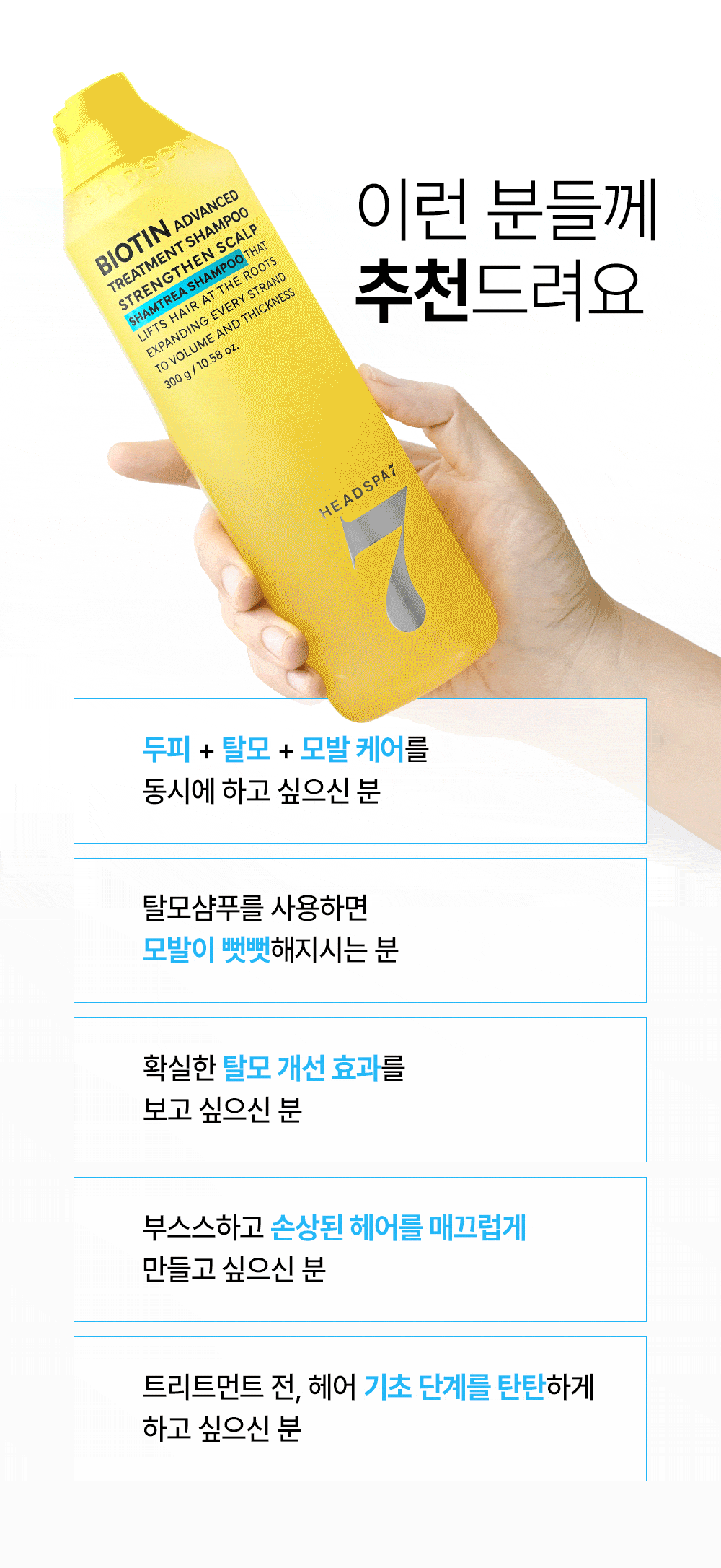 Meet the HeadSpa7 Biotin Advanced Treatment Shampoo, a groundbreaking “Shamtrea” product that combines the benefits of a hair loss care shampoo and a treatment in a single step. This advanced formula targets weakened hair roots and dry, damaged strands to give you visibly stronger, healthier hair from root to tip.
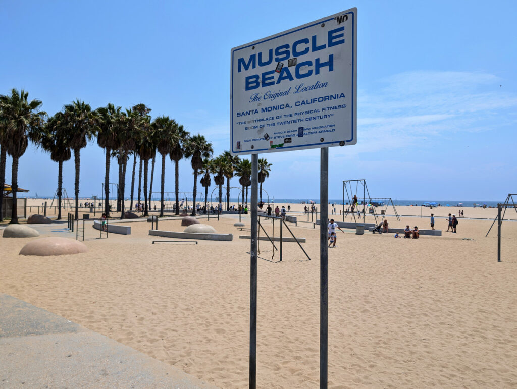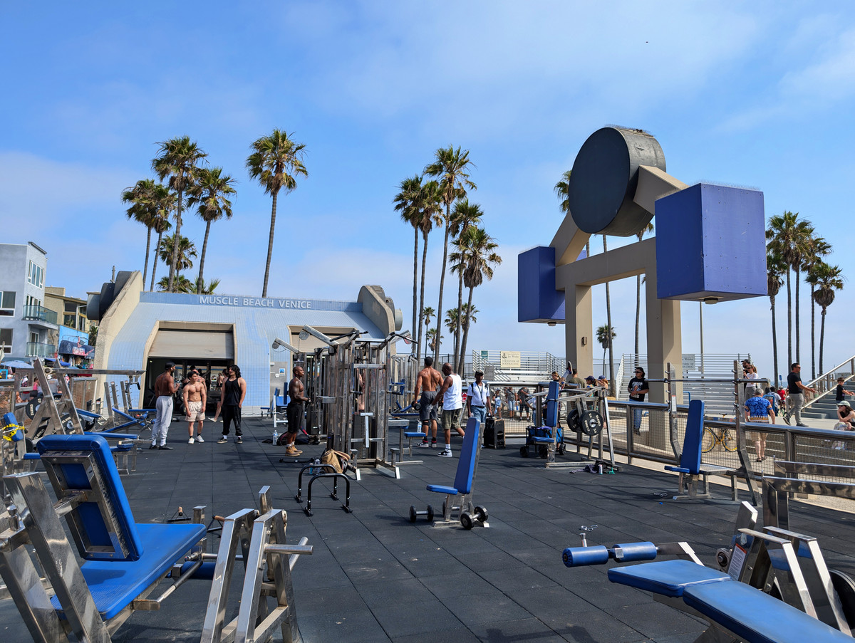 Zum Abschluss entdeckten wir dann auch noch den nahegelegene bekannten Muscle Beach und hier hatten wir auch das Glück, einige Bodybuilder beim Pumpen beobachten zu können.
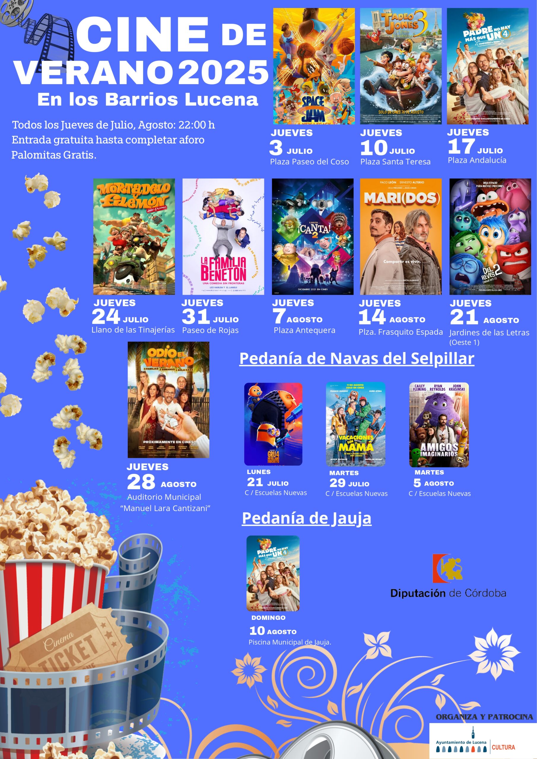 La Delegación de Cultura del Ayuntamiento de Lucena y la Diputación Provincial de Córdoba, a través de su Delegación de Cultura, tiene el gusto de presentar: Cine de Verano 2025 en los barrios de Lucena.
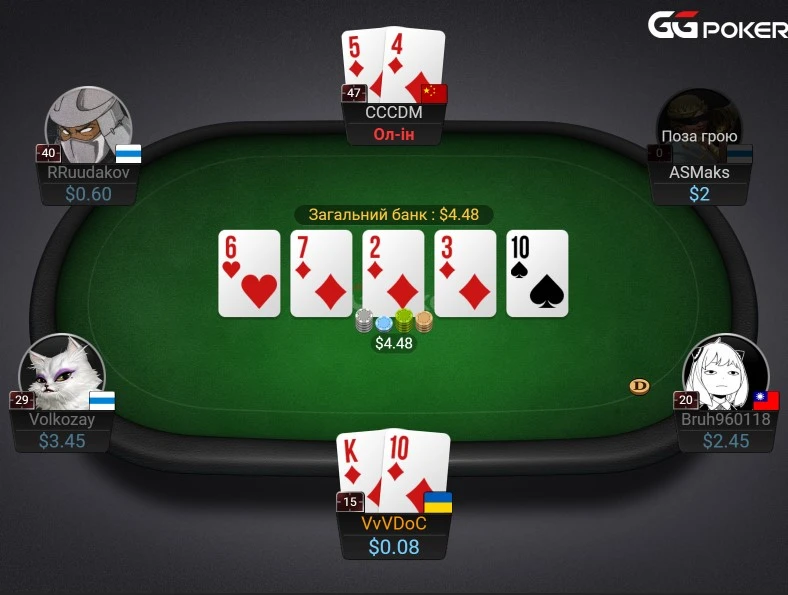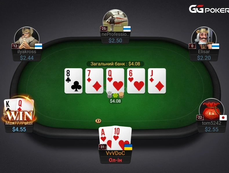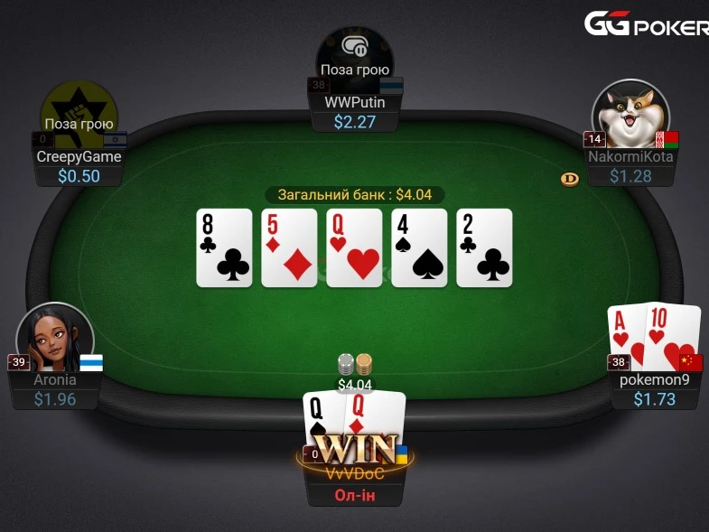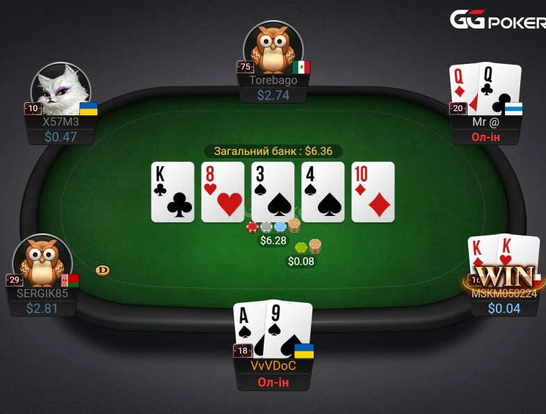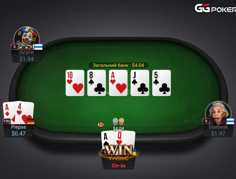 Стіл тільки стартував. Я відкрився, він заколив, і моє здивування було, коли він миттєво поставив All-In. Я подумав, що це може бути блеф або середня пара. У мене була топ пара з непоганим кікером вирішив колити 😉
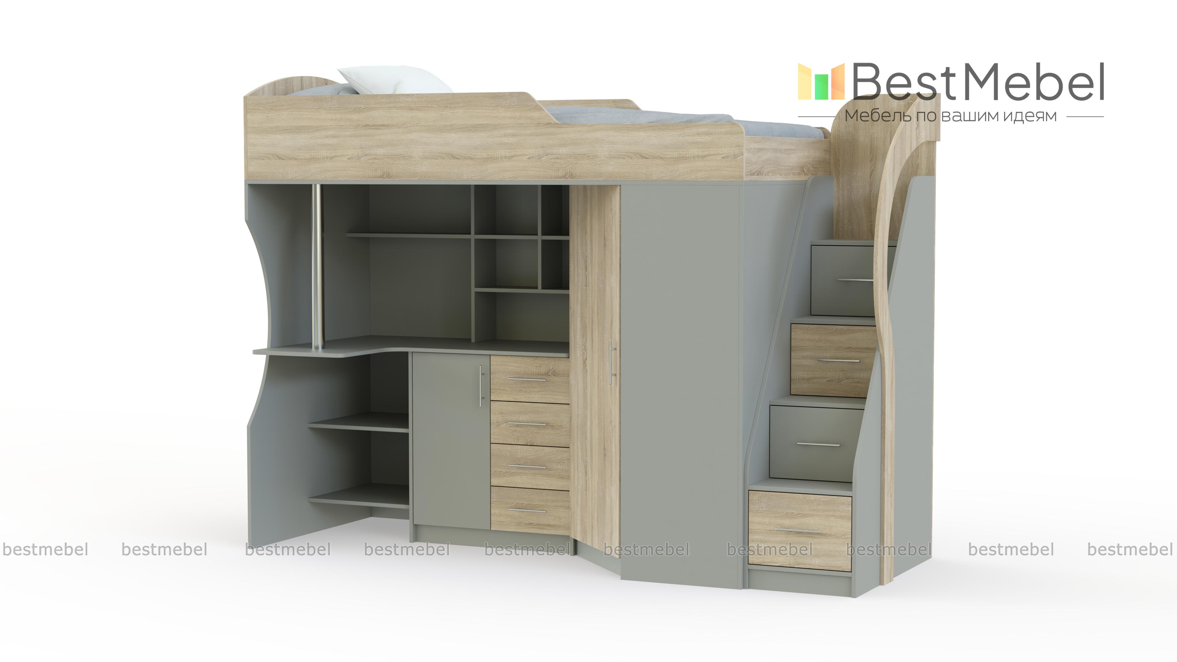 Детская кровать-чердак Мерабель 1.1 BMS – это многофункциональная конструкция, которая позволит сэкономить пространство для активных игр. Помимо полноценного спального места модель оборудована рабочей зоной с угловым столиком, тумбой и просторными нишами, распашным шкафом для одежды и лестницей-горкой с вместительными ящиками для игрушек под ступеньками. Безопасность обеспечат экологичные материалы, защитный бортик и устойчивая лестница с перилами. Купить детскую кровать-чердак Мерабель 1.1 BMS для яркого позитивного интерьера приглашаем в наш интернет-магазин.
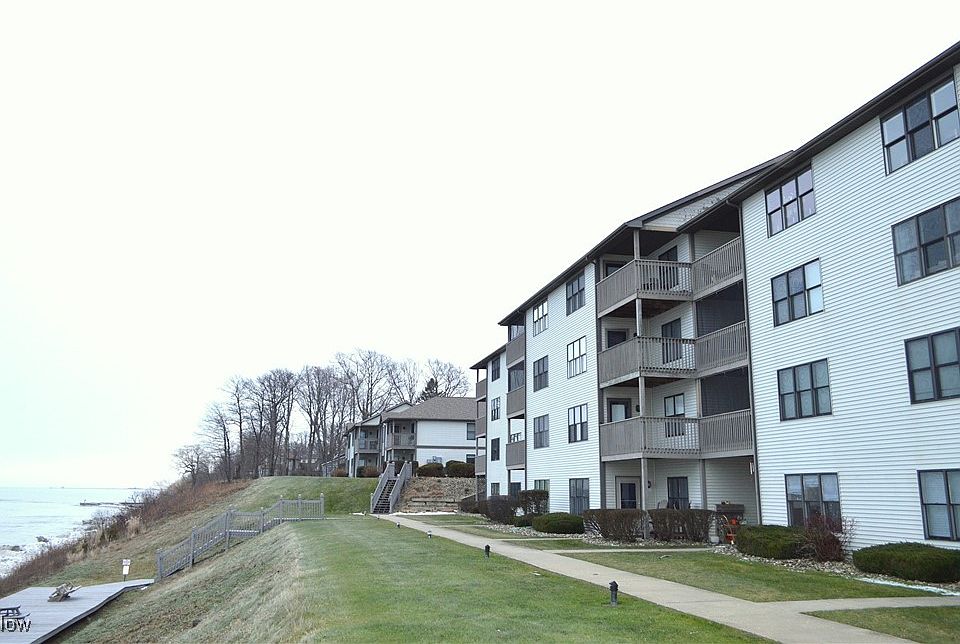 Experience lakeside living at its finest in this beautifully updated 2 Bdrm/1.5 Bath Lake Erie front condo. Step inside to discover a bright, open layout featuring fresh finishes & thoughtful upgrades throughout. The spacious living area flows seamlessly to an amazing, covered balcony~ perfect for relaxing while enjoying breathtaking views of the lake. Recent enhancements include new Pella windows w/custom blinds, blown insulation in both attic & walls for year-round comfort, a tankless water heater for efficiency. Bedrooms are comfortable & inviting, offering ample natural light & closet space. Enjoy the amenities of this well-maintained community: sparkling inground pool, community building, & beautiful grounds designed to complement the tranquil lakefront setting. This stunning condo combines modern comfort, style & unbeatable views~ perfect for year-round living or a serene getaway retreat. Special Financing incentives available on this property from Sirva Mortgage.
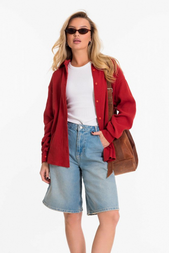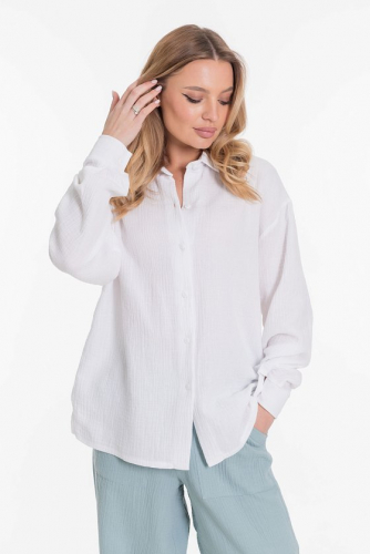 Женская рубашка — отличный выбор для повседневной носки. Она изготовлена из мягкого, лёгкого натурального материала — муслина. Рубашка имеет длинный спущенный рукав и застёжку на пуговицы. Воротник на отрезной стойке придаёт модели элегантность. В боковых швах есть небольшие разрезы, которые добавляют изюминку в дизайн. Такая однотонная рубашка идеально подойдёт для прогулок, отдыха или неформальных мероприятий. Она выполнена из качественного материала, который хорошо пропускает воздух и обеспечивает хорошую вентиляцию.
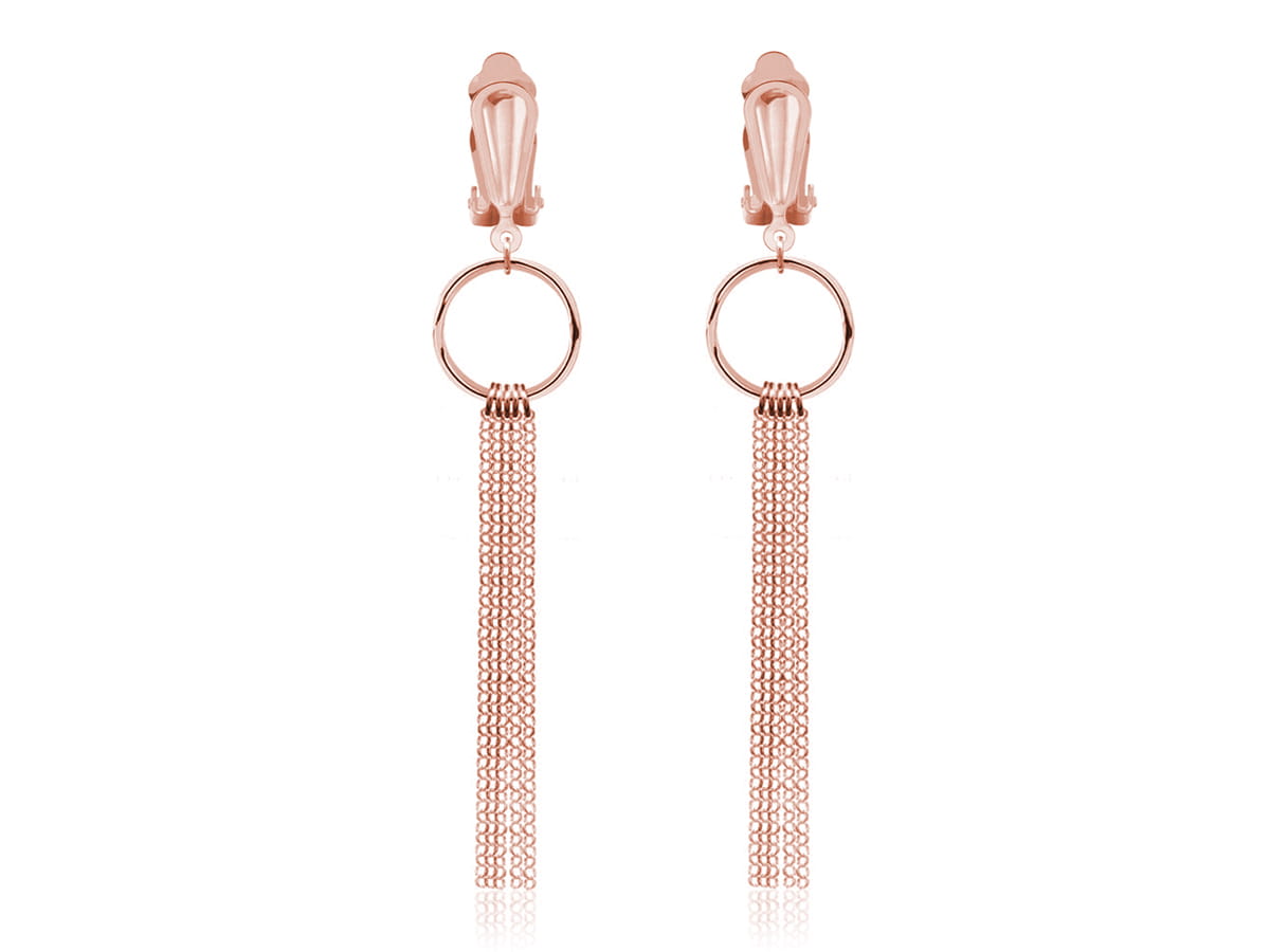 Srebrne klipsy Regina z łańcuszkami - rose gold

▶ **What the exercise asks**:
Copy each line of the records above exactly as written. Do not carry over any picture.

▶ **Result below**:
 Meet the HeadSpa7 Biotin Advanced Treatment Shampoo, a groundbreaking “Shamtrea” product that combines the benefits of a hair loss care shampoo and a treatment in a single step. This advanced formula targets weakened hair roots and dry, damaged strands to give you visibly stronger, healthier hair from root to tip.
 Zum Abschluss entdeckten wir dann auch noch den nahegelegene bekannten Muscle Beach und hier hatten wir auch das Glück, einige Bodybuilder beim Pumpen beobachten zu können.
 La Delegación de Cultura del Ayuntamiento de Lucena y la Diputación Provincial de Córdoba, a través de su Delegación de Cultura, tiene el gusto de presentar: Cine de Verano 2025 en los barrios de Lucena.
 Стіл тільки стартував. Я відкрився, він заколив, і моє здивування було, коли він миттєво поставив All-In. Я подумав, що це може бути блеф або середня пара. У мене була топ пара з непоганим кікером вирішив колити 😉
 Детская кровать-чердак Мерабель 1.1 BMS – это многофункциональная конструкция, которая позволит сэкономить пространство для активных игр. Помимо полноценного спального места модель оборудована рабочей зоной с угловым столиком, тумбой и просторными нишами, распашным шкафом для одежды и лестницей-горкой с вместительными ящиками для игрушек под ступеньками. Безопасность обеспечат экологичные материалы, защитный бортик и устойчивая лестница с перилами. Купить детскую кровать-чердак Мерабель 1.1 BMS для яркого позитивного интерьера приглашаем в наш интернет-магазин.
 Experience lakeside living at its finest in this beautifully updated 2 Bdrm/1.5 Bath Lake Erie front condo. Step inside to discover a bright, open layout featuring fresh finishes & thoughtful upgrades throughout. The spacious living area flows seamlessly to an amazing, covered balcony~ perfect for relaxing while enjoying breathtaking views of the lake. Recent enhancements include new Pella windows w/custom blinds, blown insulation in both attic & walls for year-round comfort, a tankless water heater for efficiency. Bedrooms are comfortable & inviting, offering ample natural light & closet space. Enjoy the amenities of this well-maintained community: sparkling inground pool, community building, & beautiful grounds designed to complement the tranquil lakefront setting. This stunning condo combines modern comfort, style & unbeatable views~ perfect for year-round living or a serene getaway retreat. Special Financing incentives available on this property from Sirva Mortgage.
 Женская рубашка — отличный выбор для повседневной носки. Она изготовлена из мягкого, лёгкого натурального материала — муслина. Рубашка имеет длинный спущенный рукав и застёжку на пуговицы. Воротник на отрезной стойке придаёт модели элегантность. В боковых швах есть небольшие разрезы, которые добавляют изюминку в дизайн. Такая однотонная рубашка идеально подойдёт для прогулок, отдыха или неформальных мероприятий. Она выполнена из качественного материала, который хорошо пропускает воздух и обеспечивает хорошую вентиляцию.
 Srebrne klipsy Regina z łańcuszkami - rose gold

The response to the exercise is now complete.